KABAR KENDARI – Kapal penumpang KM Mahkota Menui dilaporkan tenggelam di perairan antara Pulau Samarengga dan Pulau Koikoila pada Selasa (14/7/2026) sekitar pukul 08.30 Wita. Seluruh penumpang dan awak kapal dilaporkan berhasil dievakuasi dalam keadaan selamat.
Informasi tersebut dibenarkan Humas Kantor Pencarian dan Pertolongan (Basarnas) Kendari, Wahyudi. Ia mengatakan kapal yang dinakhodai Amin itu sebelumnya bertolak dari Kota Kendari menuju Pulau Menui pada dini hari sebelum mengalami kecelakaan di tengah perjalanan.
“Informasi sementara yang kami terima, KM Mahkota Menui mengalami kecelakaan dan tenggelam di sekitar Pulau Samarengga dan Pulau Koikoila. Lokasi kejadian masuk dalam wilayah kerja Basarnas Palu, Sulawesi Tengah,” kata Wahyudi, Selasa.
Berdasarkan data sementara, kapal tersebut mengangkut 29 orang, terdiri atas 7 anak buah kapal (ABK) dan 22 penumpang.
Seluruh korban berhasil diselamatkan setelah kapal nelayan yang sedang mencari ikan melintas di sekitar lokasi kejadian. Para penumpang kemudian dievakuasi menuju Pulau Koikoila dalam kondisi selamat.

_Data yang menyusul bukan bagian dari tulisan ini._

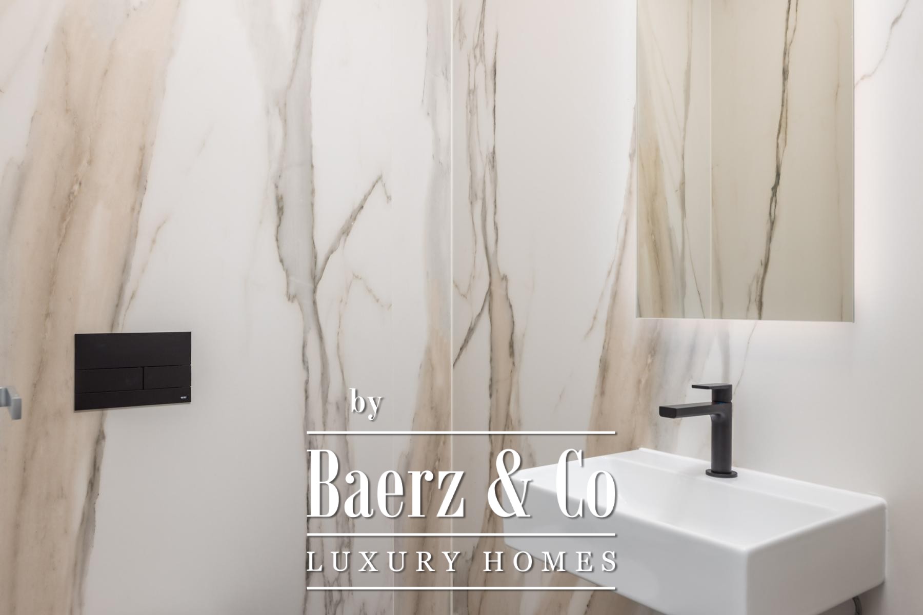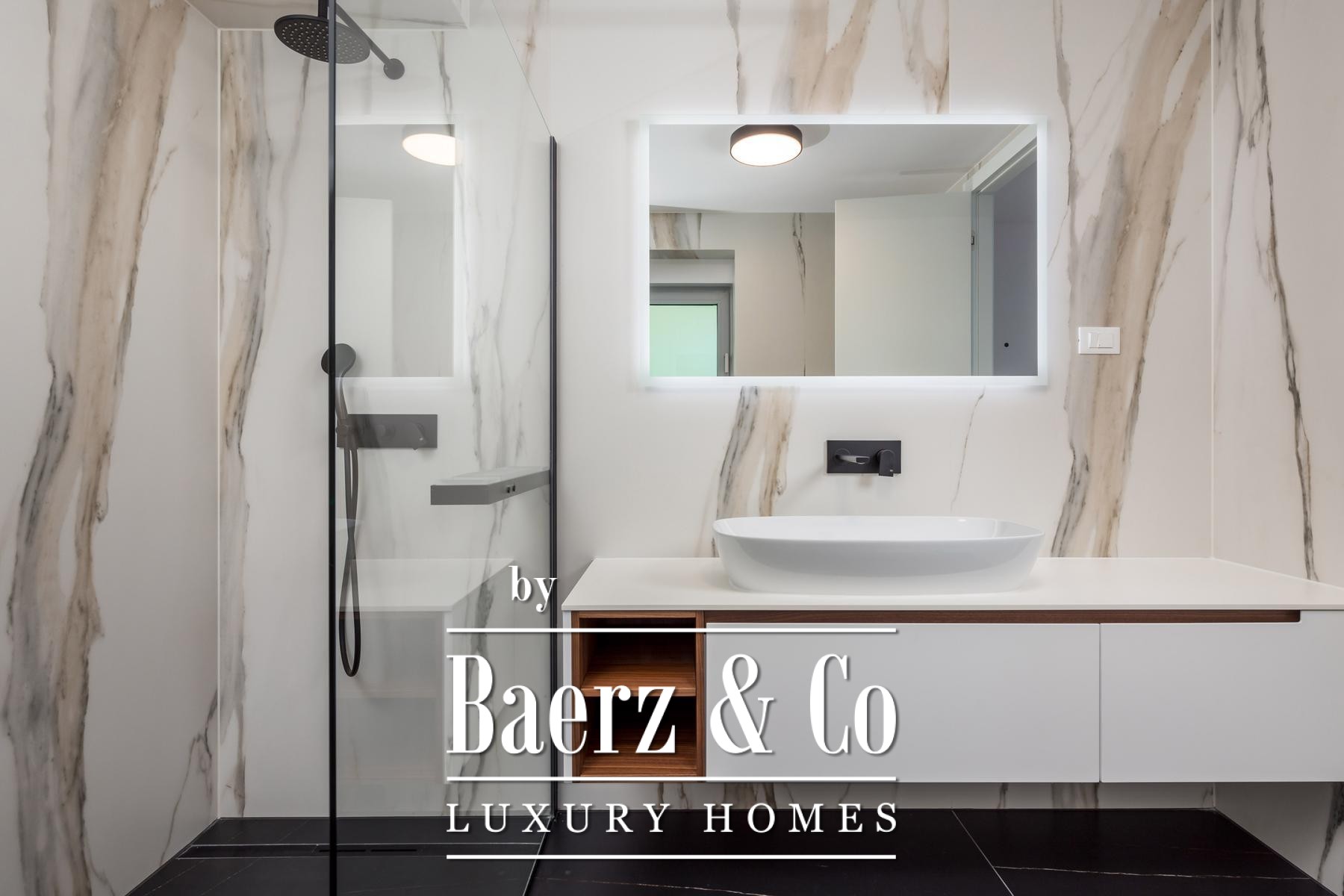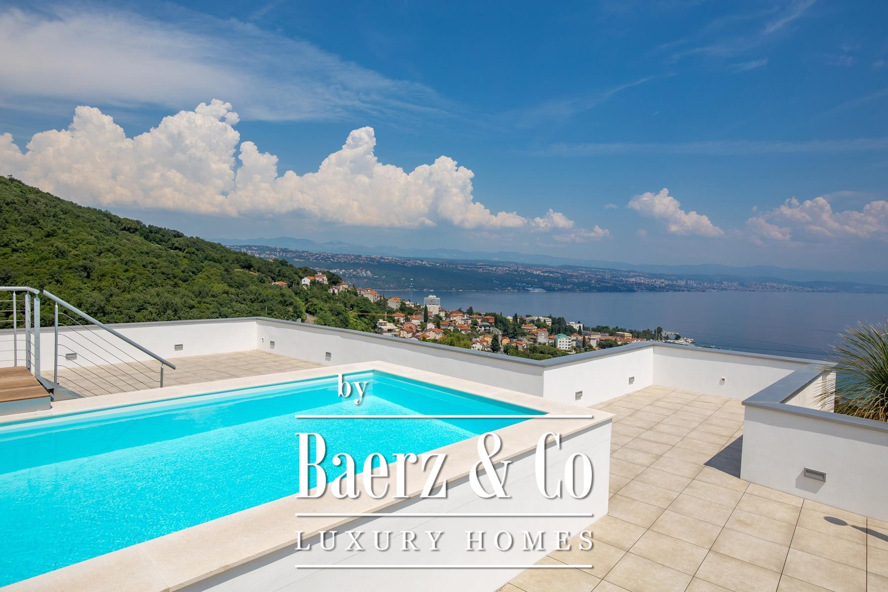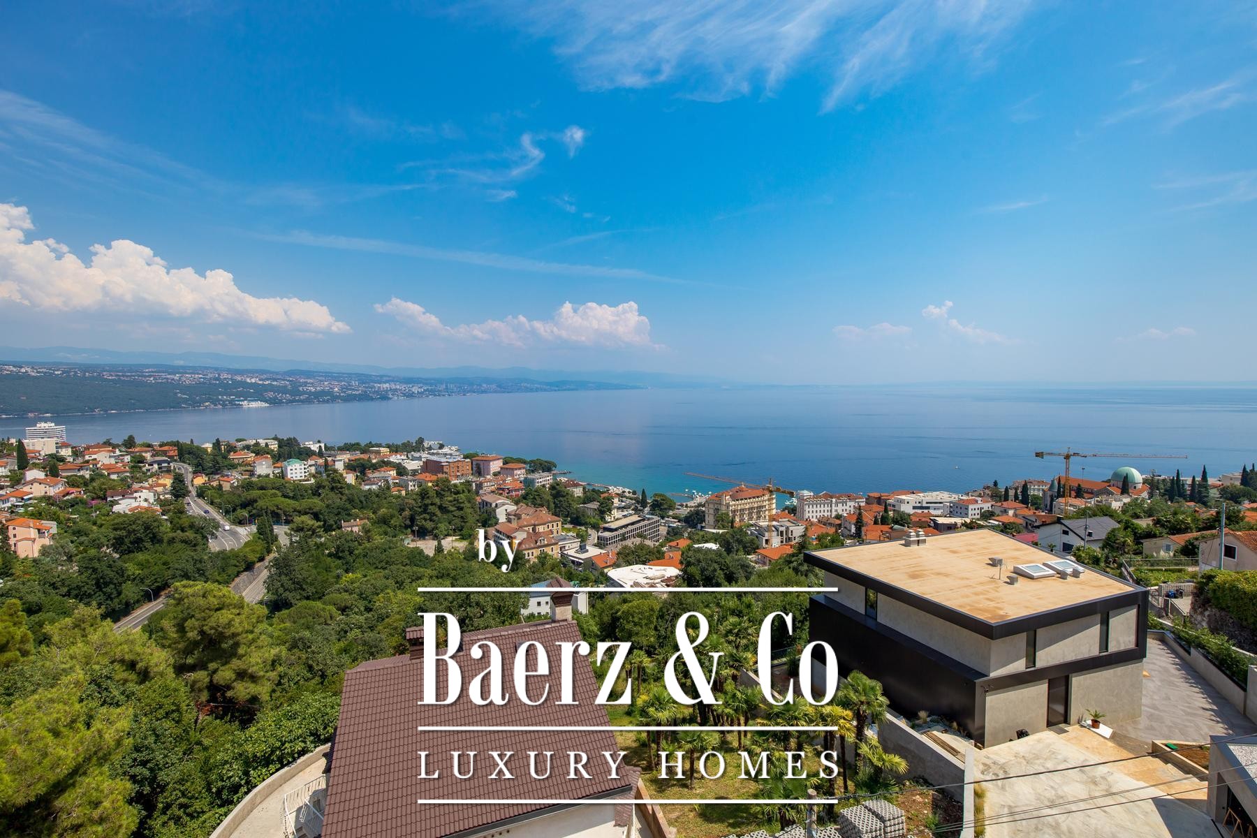 The residence is positioned in a tranquil enclave just above the city center, where privacy prevails and the panorama of Opatija and the Adriatic Sea unfolds without interruption. The building exemplifies modern architectural sensibility, utilising the finest materials—aluminum carpentry, DEMIT and ventilated facades, large-format composite panels—paired with energy-efficient triple glazing, floor heating, and smart home technology. Interiors are marked by layered oak parquet, Villeroy & Boch sanitary ware, and considered ceiling heights of 260 cm.

Wahyudi mengatakan, setelah menerima laporan kecelakaan laut tersebut, Basarnas bersama instansi terkait langsung melakukan koordinasi untuk mempercepat proses penanganan.
Selain tim SAR yang bergerak menuju Pulau Koikoila, Camat Menui bersama Lurah Ulunambo juga menuju lokasi kejadian. Proses evakuasi turut dibantu nelayan dari Desa Samarengga, Desa Padei Darat, dan Desa Padei Laut.
“Hingga saat ini tim masih menuju lokasi untuk memastikan kondisi seluruh korban serta melakukan pendataan lebih lanjut. Informasi yang kami sampaikan masih bersifat sementara dan akan diperbarui sesuai perkembangan di lapangan,” ujar Wahyudi.
Meski seluruh penumpang dan awak kapal dilaporkan selamat, tim gabungan masih melakukan pendataan guna memastikan tidak ada korban yang tertinggal.
Sementara itu, penyebab tenggelamnya KM Mahkota Menui masih dalam penyelidikan. Otoritas terkait akan melakukan pemeriksaan lebih lanjut untuk mengetahui penyebab pasti insiden tersebut.
Perkembangan terbaru mengenai proses pendataan maupun hasil penyelidikan akan disampaikan setelah tim gabungan menyelesaikan operasi di lokasi kejadian.